A team in the Medical Device Design class taught by Yale Orthopaedics & Rehabilitation faculty has won a $30,000 grant for a design developed in the class.
The team, Kyle Almquist YC ’20, Shelby Meckstroth, SPH ’20, Trevor Chan YC ’20, Nicholas Szabo YC ‘20, and Stephanie Blas-Lizarazo YC ’20, won the prize from the CT Innovations Biopipeline Fund, an organization that provides seed funding to potential startups from Connecticut-based universities. The students were focused on designing an adjustable angle retractor, which is used to address traumatic foot fractures.

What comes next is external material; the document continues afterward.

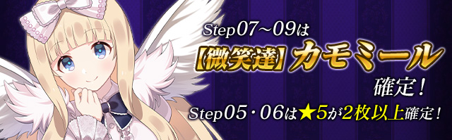 - ステップアップガチャは、Step数によってガチャの提供内容が変化します。 Step数の上昇により必ずしも提供内容がより良い内容に変化することを保証するわけではありません。
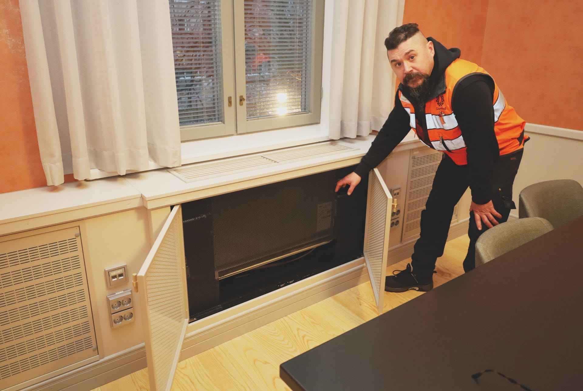 Kaupungintalon kokoustilassa lämmityksen ja jäähdytyksen puhallinkonvektorit on integroitu vaaleasävyiseen ikkunapenkkiin. Pasi Makkonen avaa säleikköjä, jotka piilottavat puhallinkonvektorit. Kuva: Piritta Vainio

The fractures represent nearly 40 percent of all lower extremity injuries, so the team was addressing a clinical need that had been presented by surgeons and others from Yale New Haven Hospital, said Steven Tommasini, who co-teaches the Medical Device Design class along with Assistant Professor Daniel Wiznia, MD.
“It is of paramount importance to distract and retract the bone fragments such that they remain completely collinear, with the exposed faces parallel to each other,” the team wrote in their design abstract. “In distraction, this provides the surgeon sufficient access to remove all of the damaged cartilage; in retraction, this ensures a complete, healthy fusing of the bones. Unfortunately, providing such linear movements is near-impossible with the current instruments commonly found in operating rooms.”

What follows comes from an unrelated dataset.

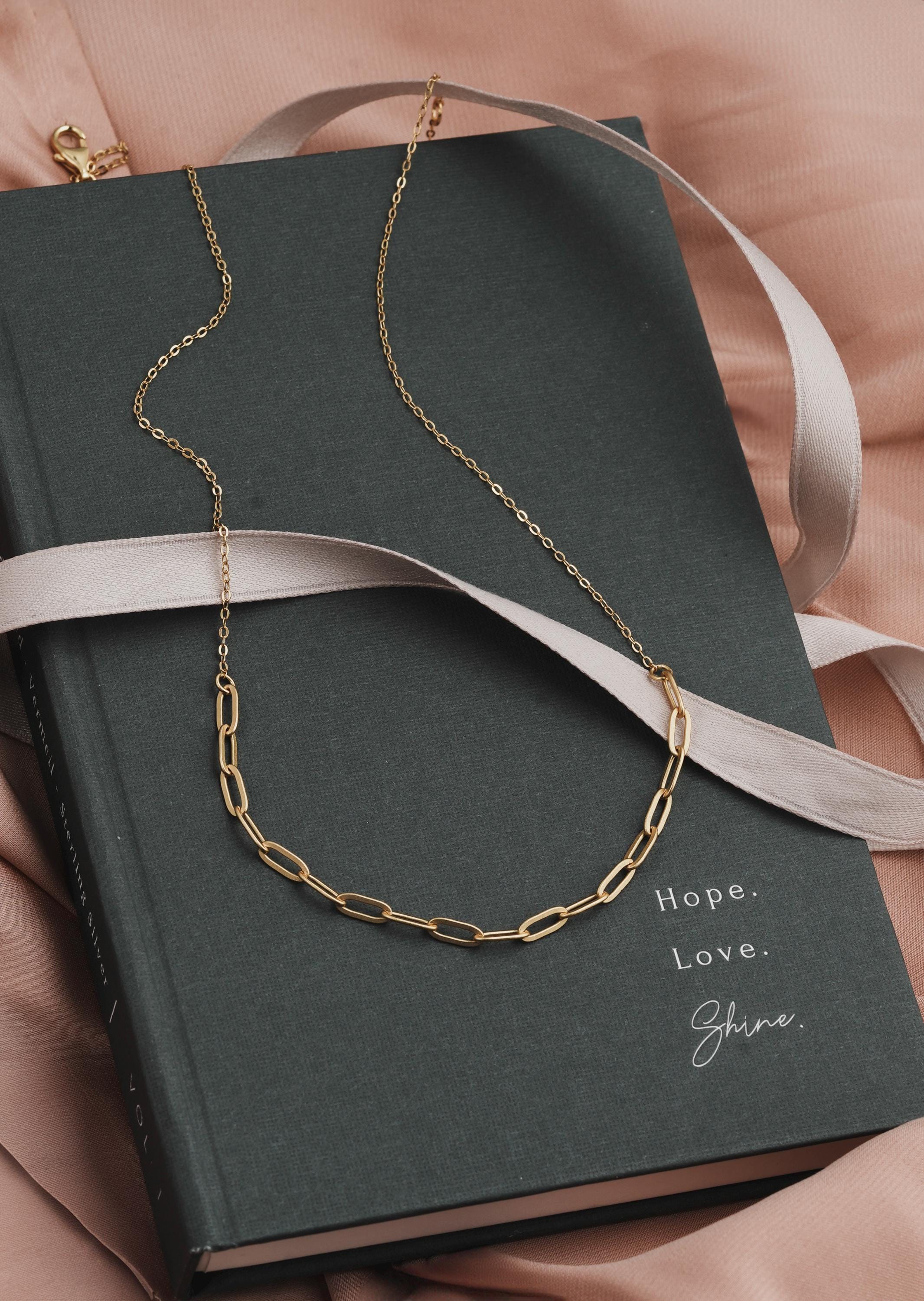 - Made with 14K Gold filled chain and 14K gold plated brass links.

The funding allows the team to take their design to the next level. The team is in the process of building prototypes to test functionality and performance using cadaver tissue, Tommasini said. They are also looking to outsource the regulatory process to a larger corporation responsible for manufacturing the device and, along with Yale Office of Cooperative Research, looking to license the intellectual property to larger orthopedic device companies, as well.
“We were already impressed with how quickly they learned to use CAD and finite element software to design their device,” Tommasini said. “The award is just validation of their hard work and clever design.”
The team has also won $1,000 in funding from the Rothberg Catalyzer Prototype Fund sponsored by the Tsai Center for Innovative Thinking at Yale (Tsai CITY) in collaboration with the Yale Center for Biomedical Innovation and Technology (CBIT).